By Michael Patrick O’Brien–
As a Catholic living in Utah for most of my life, I have come to appreciate many aspects of the dominant local religion, the Church of Jesus Christ of Latter-day Saints. The Mormons espouse many important values such as charity, honesty, hard work, and volunteer community service. They also place a strong emphasis on the family, recommending gatherings once a week on Monday night called Family Home Evening.
The LDS Church website explains that Family Home Evening is a “time to strengthen family ties…by learning the gospel together, by listening to each other’s feelings, thoughts and ideas, and by enjoying activities together.” The website recommends the evening start and end with prayer and include music, games, a “light and loving” atmosphere, and even service projects such as helping a neighbor in need.

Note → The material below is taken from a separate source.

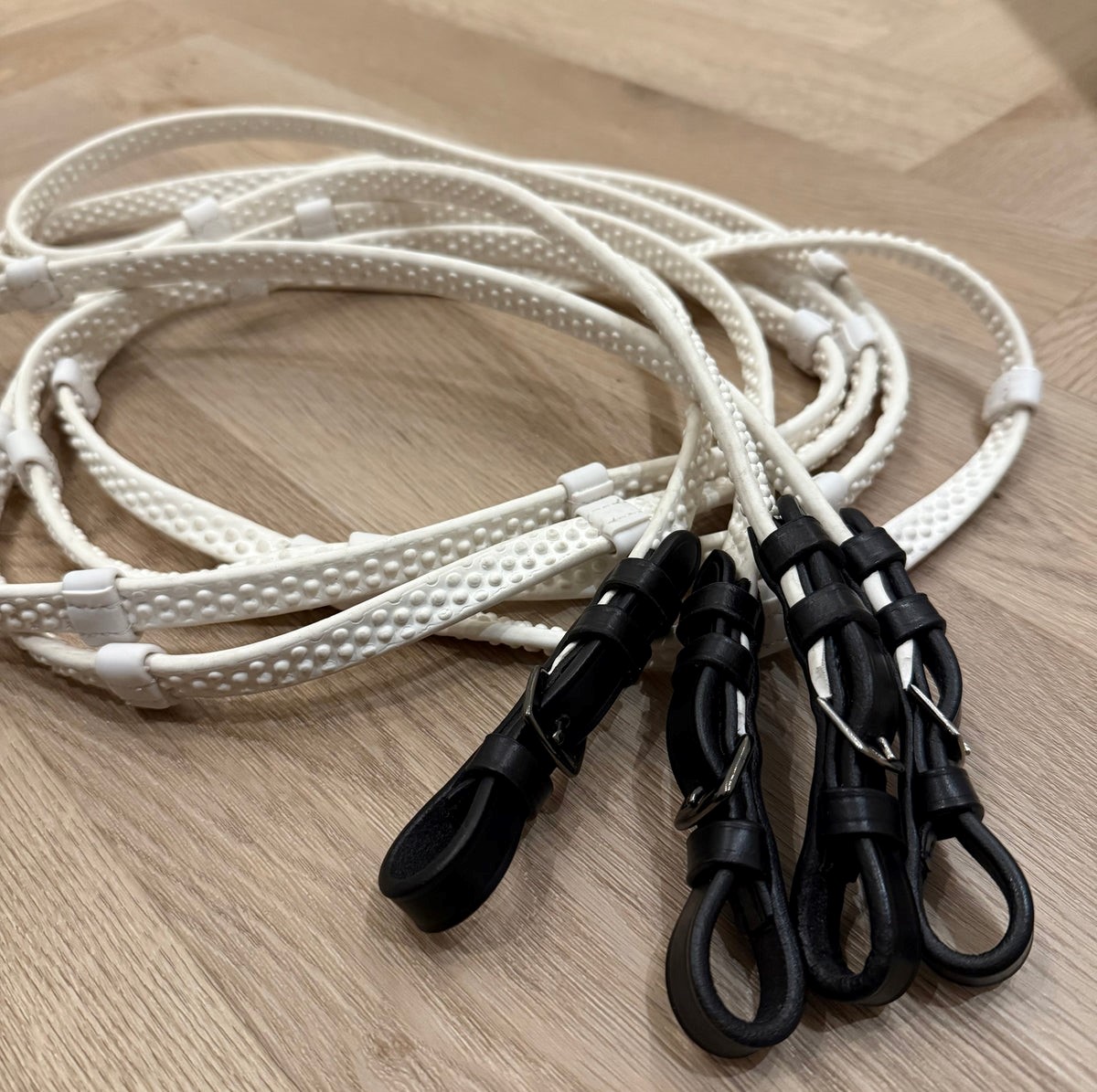 Aríus Luksus hvid biothane tøjle med dupper og stoppere – med spænde

What a great idea! The Catholic Church and Pope Francis also have strongly emphasized the importance of family life. The Pope’s prepared speech text for September 26, 2015 at the Philadelphia World Meeting of Families proclaimed: “We cannot call any society healthy when it does not leave room for family life.” In his improvised speech given the same night, he told how God’s love for humanity was so great that: “He made the highest expression of love – his own son. And where did he send his son – to a palace? To a city? No. he sent him to a family. God sent him amid a family.”

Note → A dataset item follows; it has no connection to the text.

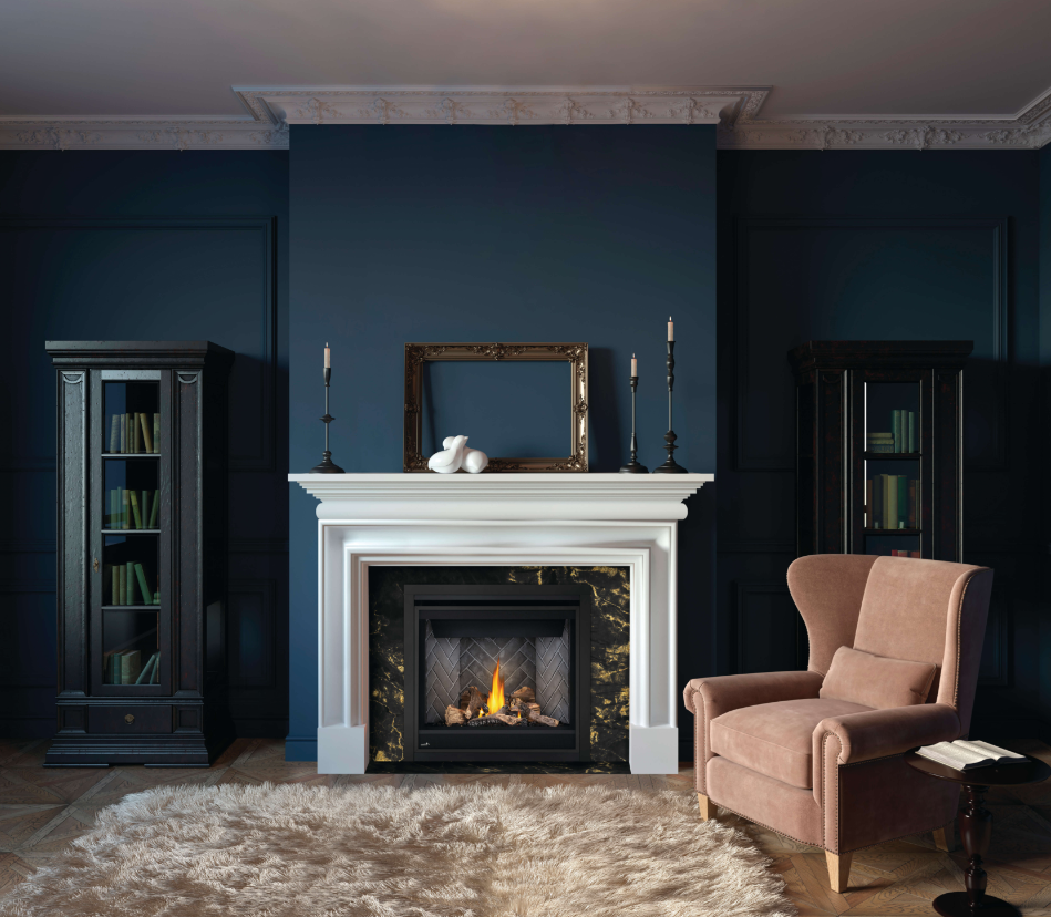 - Options : Système millivolt - Panneaux décoratifs pour l'intérieur du foyer - Moulures de finition - Ensemble de bûches décoratives -Ensemble de pierres décoratives

There are so many obstacles to family time, including school activities, work, cell phones, and various other responsibilities or problems. Yet, the Pope explained in Philadelphia that: “difficulties are overcome with love. Hatred is not capable of dealing with any difficulty and overcoming any difficulty. Division of hearts cannot overcome any difficulty. Only love. Only love is able to overcome. Love is about celebration, love is joy, love is moving forward.” Thus, for love, I believe family time must be planned and scheduled, like any other life event. Having a regular day to plan for, such as a Family Home Evening, is an inspired idea.
I learned this lesson many years ago, fortunately when our children still were young. I decided to start scheduling and blocking out family time as part of my regular calendar, just like I docketed court appearances, client meetings, and business phone calls. Clients asking for meeting time have always been flexible when I told them I was busy (whether for other work or family) at a suggested meeting time. I have never regretted this decision, and neither have my clients or my family. It made me a more engaged lawyer, a happier person, and a better husband and father.
Mike- thanks for posting your thoughts on this. It has been said, “No other success can compensate for failure in the home.” So why not schedule it? It doesn’t demean family time to schedule it. In fact, it puts it on the same level as the many other activities and obligations we have. So often, as busy professionals, we put family time on the “back burner” when it should really be a priority. Thanks again!